### Work instructions
Print every line of the listing below, starting with the line that holds "傢俱工場-派蒙 簡約收納房間2件組(床頭箱+六分床底)-單大3.5尺古橡" and going on through the line that holds "- At this point, you", both included, and print nothing else.

### Record excerpts
--------------------------------------------------

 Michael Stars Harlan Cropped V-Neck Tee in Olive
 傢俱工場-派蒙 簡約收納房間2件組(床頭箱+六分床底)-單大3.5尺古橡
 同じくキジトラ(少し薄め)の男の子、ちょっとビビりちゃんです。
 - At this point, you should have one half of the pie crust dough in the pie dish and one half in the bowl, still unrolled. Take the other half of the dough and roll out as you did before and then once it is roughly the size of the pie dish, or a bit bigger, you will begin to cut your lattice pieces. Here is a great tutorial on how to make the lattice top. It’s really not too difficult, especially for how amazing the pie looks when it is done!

--------------------------------------------------

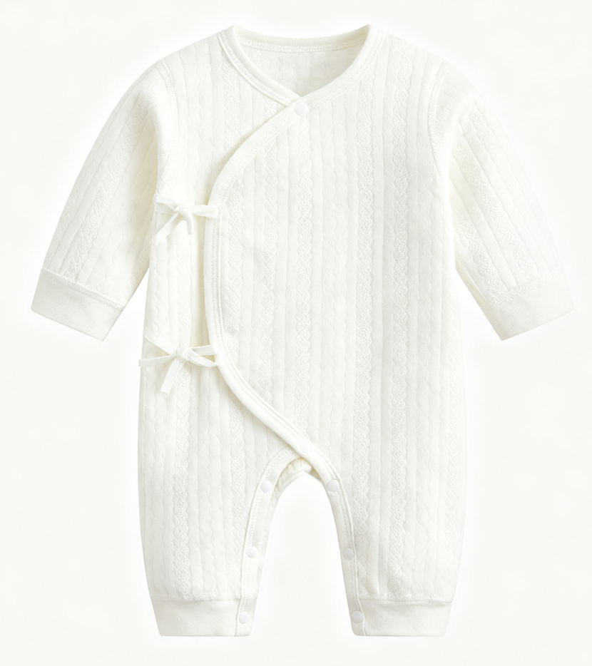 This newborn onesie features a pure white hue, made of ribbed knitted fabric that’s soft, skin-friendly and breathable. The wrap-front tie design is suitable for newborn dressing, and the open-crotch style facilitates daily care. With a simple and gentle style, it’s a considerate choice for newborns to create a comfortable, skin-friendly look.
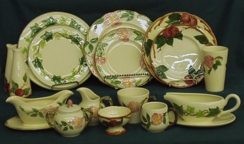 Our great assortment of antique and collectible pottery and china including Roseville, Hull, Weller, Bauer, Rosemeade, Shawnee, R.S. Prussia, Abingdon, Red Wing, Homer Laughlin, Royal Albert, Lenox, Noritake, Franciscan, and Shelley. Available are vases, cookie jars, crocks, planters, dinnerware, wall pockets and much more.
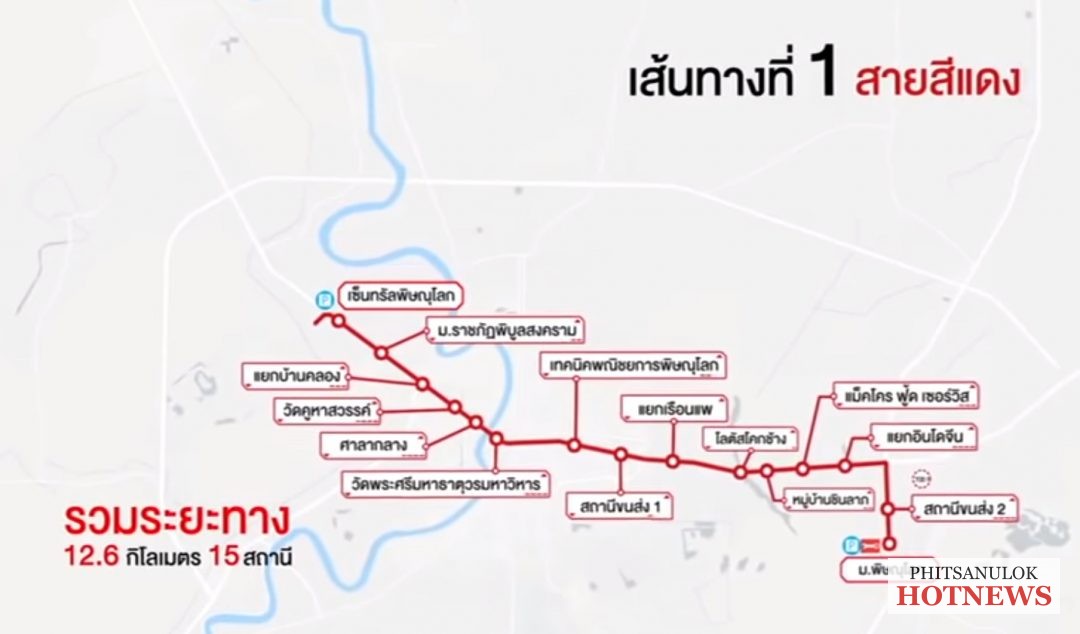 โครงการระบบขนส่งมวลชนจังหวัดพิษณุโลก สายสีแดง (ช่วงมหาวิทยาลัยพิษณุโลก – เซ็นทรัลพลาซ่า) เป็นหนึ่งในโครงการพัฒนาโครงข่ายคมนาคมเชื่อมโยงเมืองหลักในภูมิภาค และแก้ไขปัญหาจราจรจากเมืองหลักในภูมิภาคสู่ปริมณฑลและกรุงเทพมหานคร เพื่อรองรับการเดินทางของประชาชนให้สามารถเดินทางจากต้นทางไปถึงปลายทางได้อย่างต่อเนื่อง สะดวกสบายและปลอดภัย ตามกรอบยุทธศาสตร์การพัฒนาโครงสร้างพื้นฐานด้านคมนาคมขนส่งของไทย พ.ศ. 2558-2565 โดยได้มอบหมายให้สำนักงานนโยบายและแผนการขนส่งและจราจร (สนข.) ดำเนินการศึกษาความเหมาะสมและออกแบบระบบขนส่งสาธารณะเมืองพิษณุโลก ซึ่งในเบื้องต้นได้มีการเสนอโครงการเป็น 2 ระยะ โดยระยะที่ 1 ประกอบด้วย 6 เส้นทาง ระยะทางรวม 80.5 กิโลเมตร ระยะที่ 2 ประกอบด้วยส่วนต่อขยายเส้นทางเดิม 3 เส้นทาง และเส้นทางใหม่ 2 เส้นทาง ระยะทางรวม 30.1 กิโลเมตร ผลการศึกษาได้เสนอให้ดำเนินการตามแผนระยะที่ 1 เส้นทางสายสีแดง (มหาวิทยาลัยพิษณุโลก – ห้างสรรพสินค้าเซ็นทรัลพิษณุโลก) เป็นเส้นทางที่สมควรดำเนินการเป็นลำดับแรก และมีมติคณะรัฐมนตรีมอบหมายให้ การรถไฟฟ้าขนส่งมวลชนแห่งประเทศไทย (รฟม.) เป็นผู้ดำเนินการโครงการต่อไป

--------------------------------------------------

### Answer to the problem
 傢俱工場-派蒙 簡約收納房間2件組(床頭箱+六分床底)-單大3.5尺古橡
 同じくキジトラ(少し薄め)の男の子、ちょっとビビりちゃんです。
 - At this point, you should have one half of the pie crust dough in the pie dish and one half in the bowl, still unrolled. Take the other half of the dough and roll out as you did before and then once it is roughly the size of the pie dish, or a bit bigger, you will begin to cut your lattice pieces. Here is a great tutorial on how to make the lattice top. It’s really not too difficult, especially for how amazing the pie looks when it is done!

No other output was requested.